DATA FOR THE TASK:
* * * * * * * * *

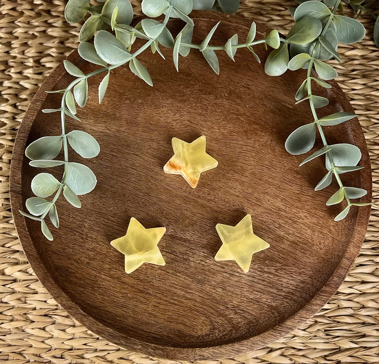 På bilden ser ni stjärnor av Citronkalcit av god kvalitét
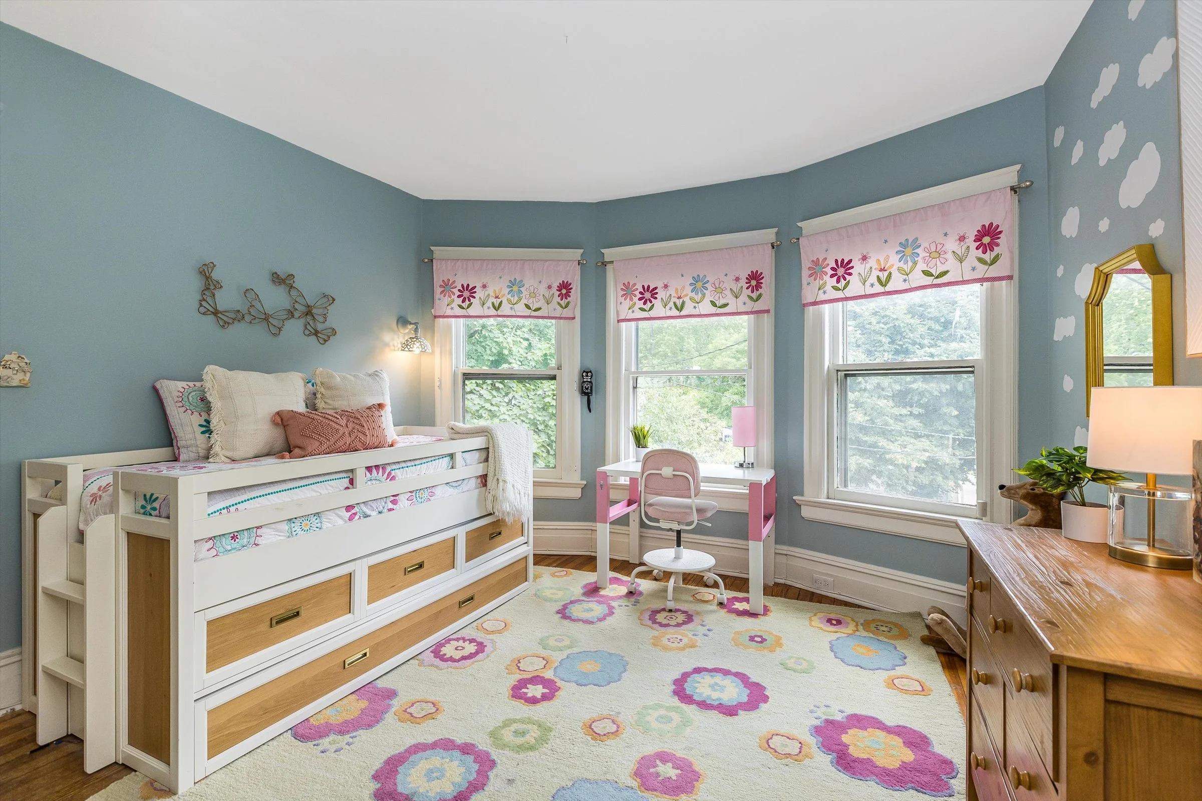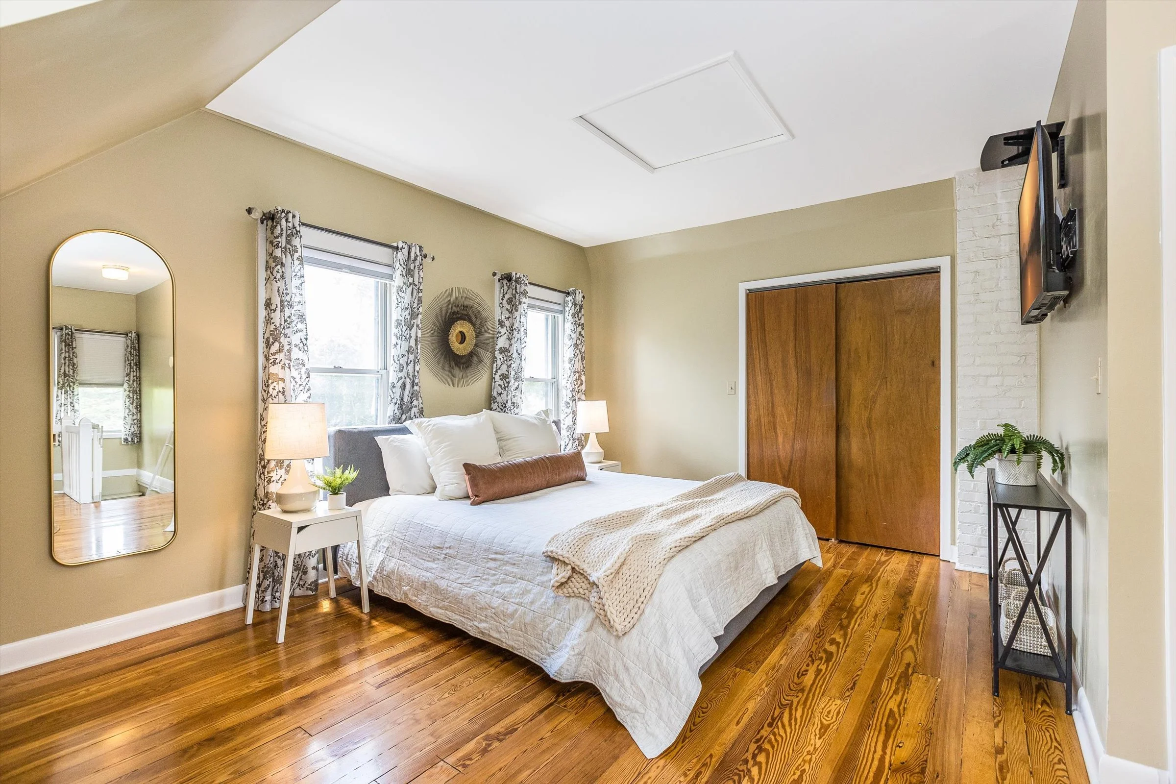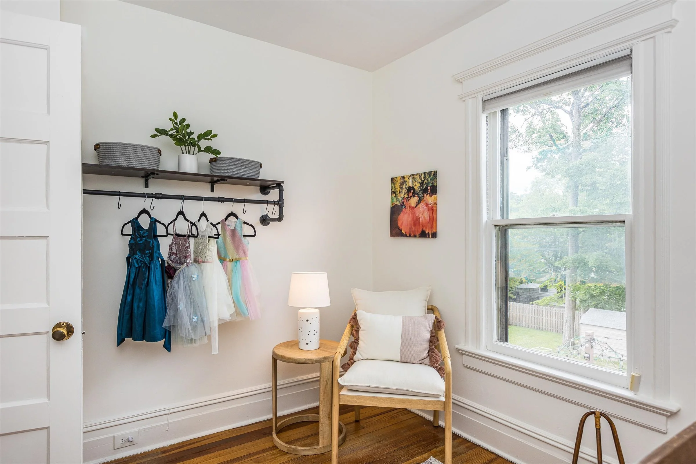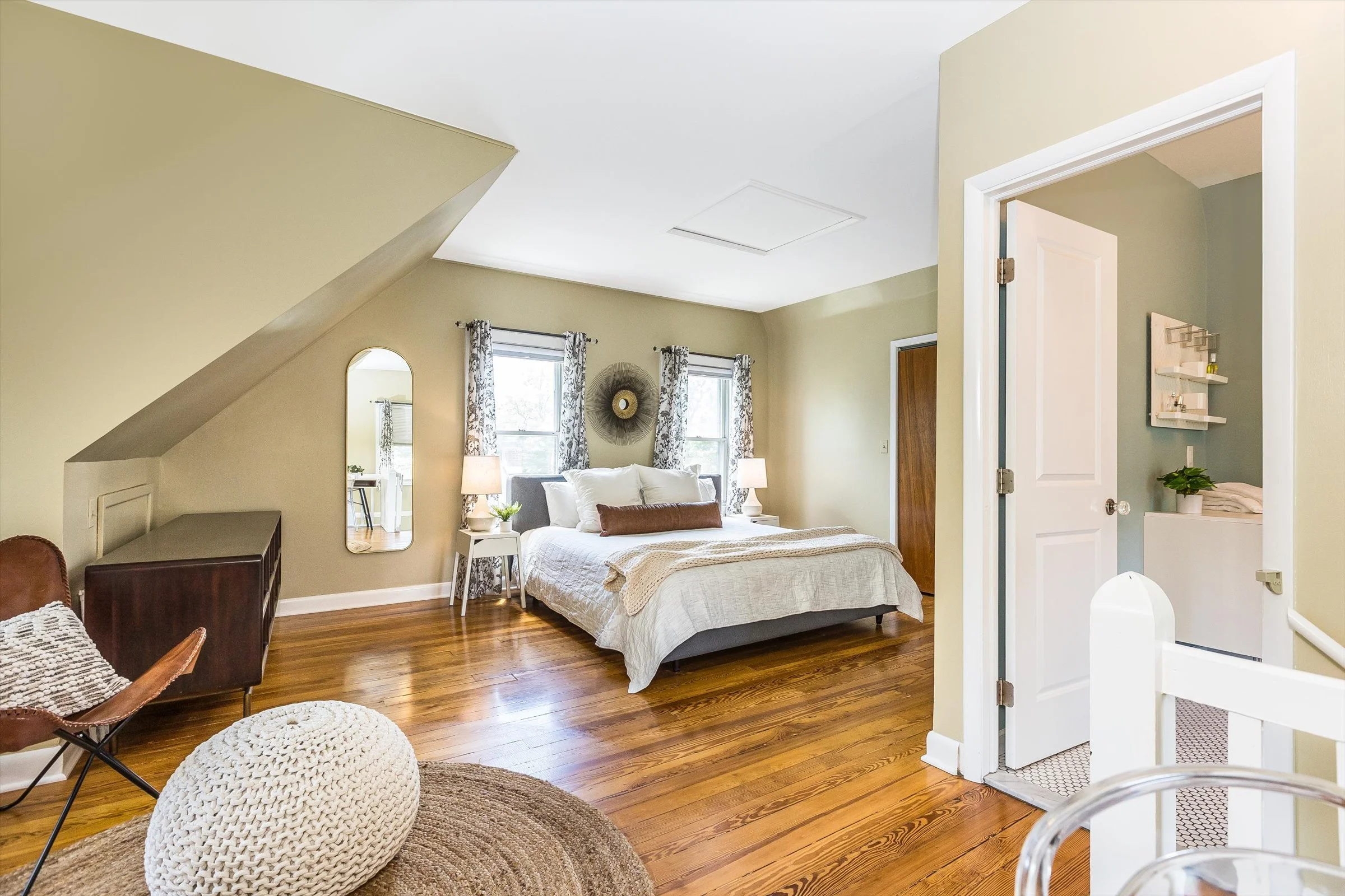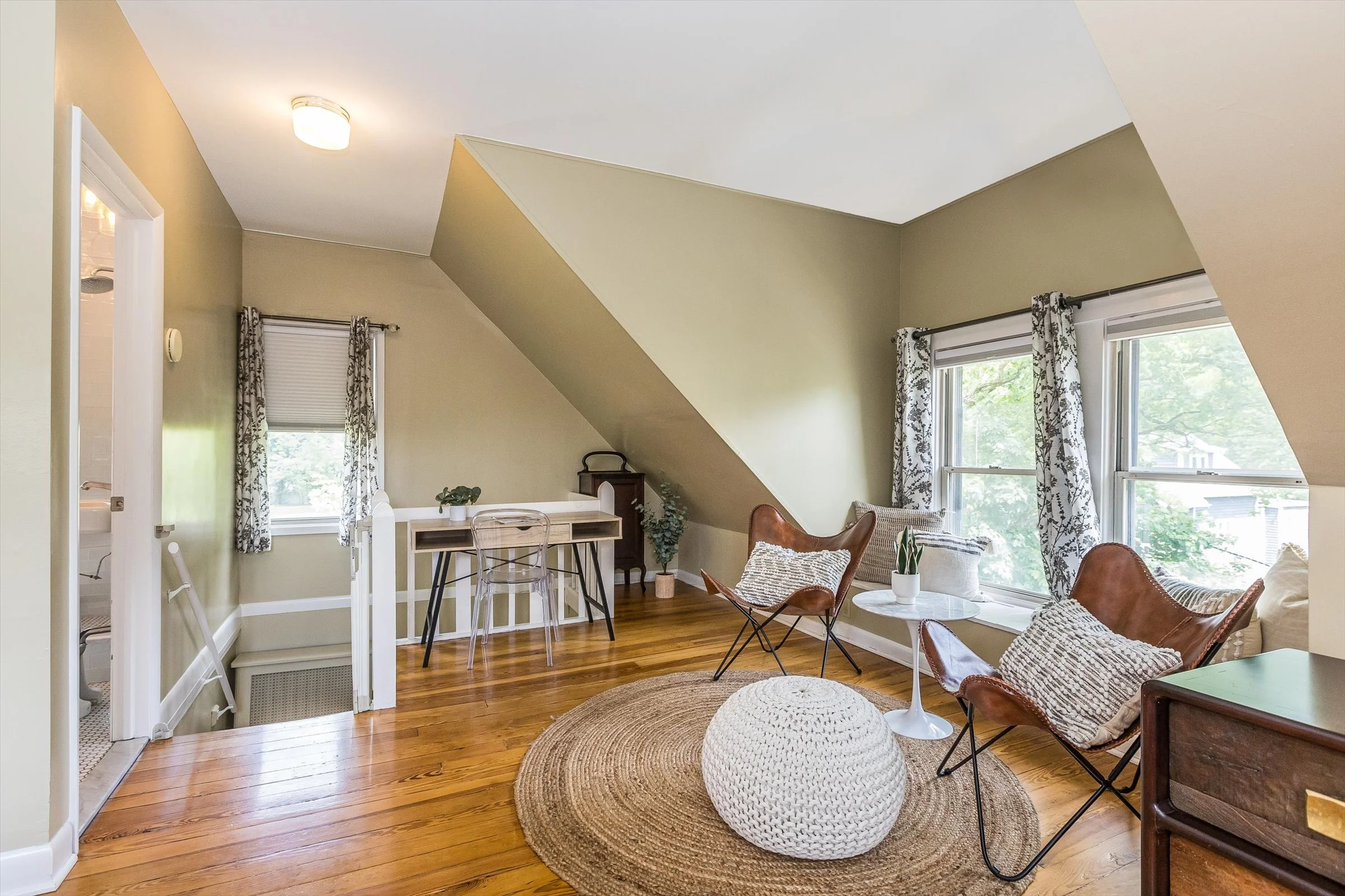 “The primary suite is truly an oasis. Incredibly generous with sitting area, large closet and ensuite bathroom. Because the house sits up on a small hill, the windows from the third floor overlook the whole neighborhood. It’s extraordinary and will be one of your favorite spots in the house.
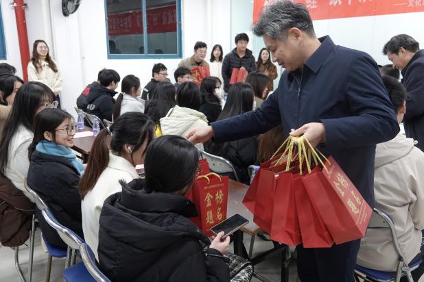 院领导为考研学生代表发放考研“加油包”,传递温暖与力量。学院为所有考研学生一一准备了“加油包”,以期激发考研学子的斗志与信心。考试当天,学院将设置应考帐篷点,提供保管手机、应急救助等服务,助力学生们成功抵达理想彼岸。
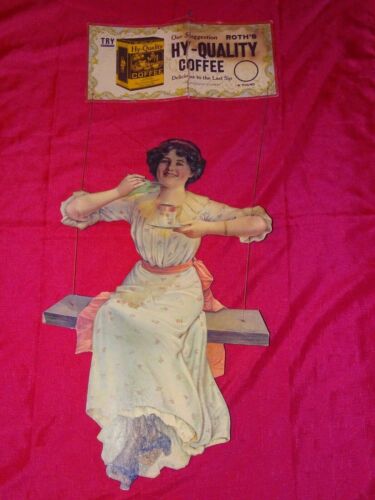 Vintage original cardboard sign Roth''s Hy-Quality Coffee extremely rare & early
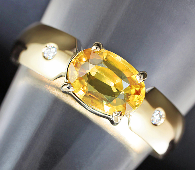 Вашему вниманию предлагается кольцо из желтого золота 585 пробы с золотисто-желтым сапфиром и бриллиантами! Диаметр дополнительной инкрустации 1,5 мм. Ширина площадки 6 мм, высота 4 мм. Вес изделия 3,1 г. Размер 18,5. Ниже приводятся ювелирные характеристики сапфира.
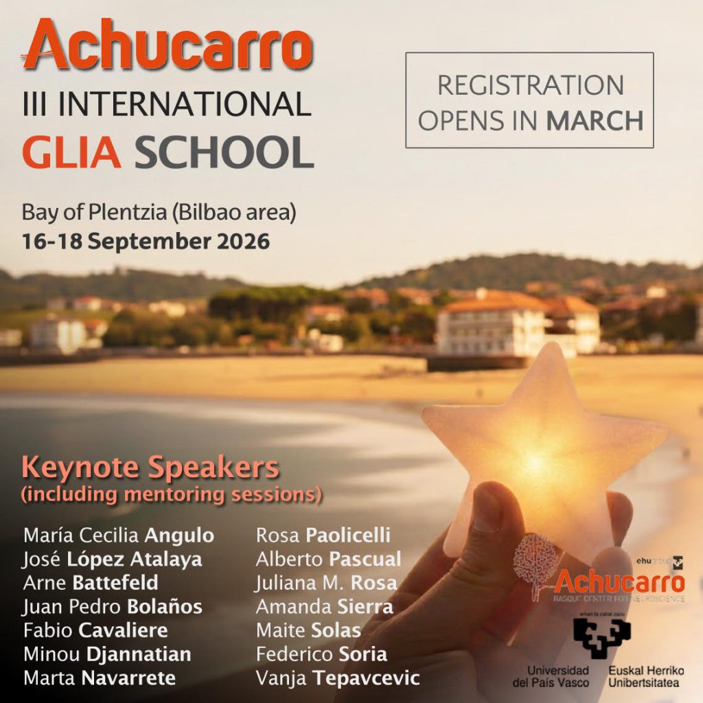 Poštovani članovi, U nastavku prosleđujemo poziv za školu – Achucarro Glia School 2026, Bilbao 16-18. septembar 2026. achucarro.org/glia-school/glia-school-2026/ Deadline for pre-applications: 31 March 2026. All-inclusive tuition (450€) covers scientific sessions, coffee breaks, lunch, social dinner and accommodation (shared rooms) Srdačno, Info grupa DNS
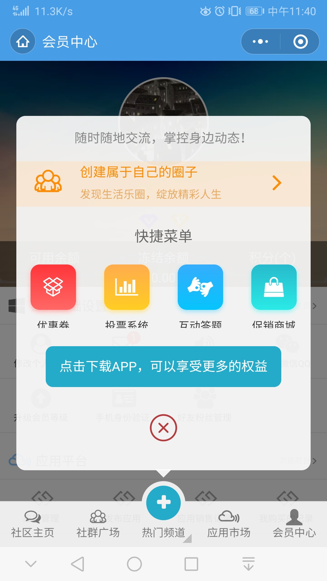 底部菜单点会员中心后,再点中间+菜单
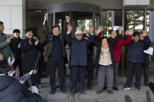 강제동원 피해자 유가족 - 일제 강제동원 피해자 유가족 등이 지난해 12월 28일 서울 서초구 대법원에서 열린 미쓰비시중공업, 히타치조센 등을 상대로 낸 손해배상 청구 소송의 상고심 선고가 마친 후 기뻐하고 있는 모습. 대법원은 피해자가 일부 승소한 원심판결을 확정했다. 연합뉴스 |

* * * * * * * * *

Without the pictures, write out every line above exactly as it appears.

 På bilden ser ni stjärnor av Citronkalcit av god kvalitét
 “The primary suite is truly an oasis. Incredibly generous with sitting area, large closet and ensuite bathroom. Because the house sits up on a small hill, the windows from the third floor overlook the whole neighborhood. It’s extraordinary and will be one of your favorite spots in the house.
 院领导为考研学生代表发放考研“加油包”,传递温暖与力量。学院为所有考研学生一一准备了“加油包”,以期激发考研学子的斗志与信心。考试当天,学院将设置应考帐篷点,提供保管手机、应急救助等服务,助力学生们成功抵达理想彼岸。
 Vintage original cardboard sign Roth''s Hy-Quality Coffee extremely rare & early
 Вашему вниманию предлагается кольцо из желтого золота 585 пробы с золотисто-желтым сапфиром и бриллиантами! Диаметр дополнительной инкрустации 1,5 мм. Ширина площадки 6 мм, высота 4 мм. Вес изделия 3,1 г. Размер 18,5. Ниже приводятся ювелирные характеристики сапфира.
 Poštovani članovi, U nastavku prosleđujemo poziv za školu – Achucarro Glia School 2026, Bilbao 16-18. septembar 2026. achucarro.org/glia-school/glia-school-2026/ Deadline for pre-applications: 31 March 2026. All-inclusive tuition (450€) covers scientific sessions, coffee breaks, lunch, social dinner and accommodation (shared rooms) Srdačno, Info grupa DNS
 底部菜单点会员中心后,再点中间+菜单
 강제동원 피해자 유가족 - 일제 강제동원 피해자 유가족 등이 지난해 12월 28일 서울 서초구 대법원에서 열린 미쓰비시중공업, 히타치조센 등을 상대로 낸 손해배상 청구 소송의 상고심 선고가 마친 후 기뻐하고 있는 모습. 대법원은 피해자가 일부 승소한 원심판결을 확정했다. 연합뉴스 |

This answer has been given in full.